Question

As of January 1, the price of a stock is $175. A dividend payment of $4.5...

As of January 1, the price of a stock is $175. A dividend payment of $4.5 is made on each of May 1, July 1, and November 1. Let the risk-free continuously compounded interest rate be 3.5%. Kate believes the price of the stock is going to increase, and, therefore, she takes a long position in a one-year forward contract on the stock.

a) Find the forward price of the stock for delivery in one year: $_____ .

b) On June 1, the stock price has risen to $240. What is the current fair value of the forward contract initiated on January 1? $______

c) On June 1, Kate feels that now is the time to cash out. Explain how she can use a second forward contract (issued on June 1) to lock in a risk-free profit.
On June 1, Kate should enter a (long or short) (6-month or 7-month or 12-month) forward contract with a delivery price of $ _________ .

The risk-free profit realized on January 1 next year is $__________ .
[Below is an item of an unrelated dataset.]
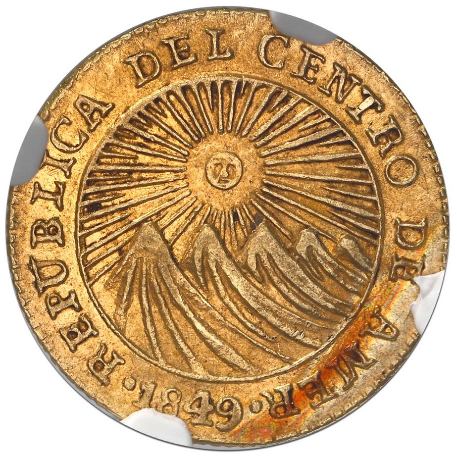 Costa Rica (Central American Republic), gold 1 escudo, 1849 JB, NGC AU 58. KM-14. Sharp and fully detailed strike, strong luster overlain with a light streak of red across AMER, popular type that is somewhat rare without a lion countermark for Costa Rica as its own republic.

d) In fact, Kate did not enter a second forward on June 1. On September 1, the stock price has fallen to $115. She is now concerned that the stock price would keep falling. Explain how she can use a second forward contract (issued on September 1) to lock in her loss.
On September 1, Kate should enter a        (long or short) (4-month or 6-month or 12-month)   forward contract with a delivery price of $_________ . The loss realized on January 1 next year is $___________ .

Note: Round any dollar values to the closest cent at every intermediate step.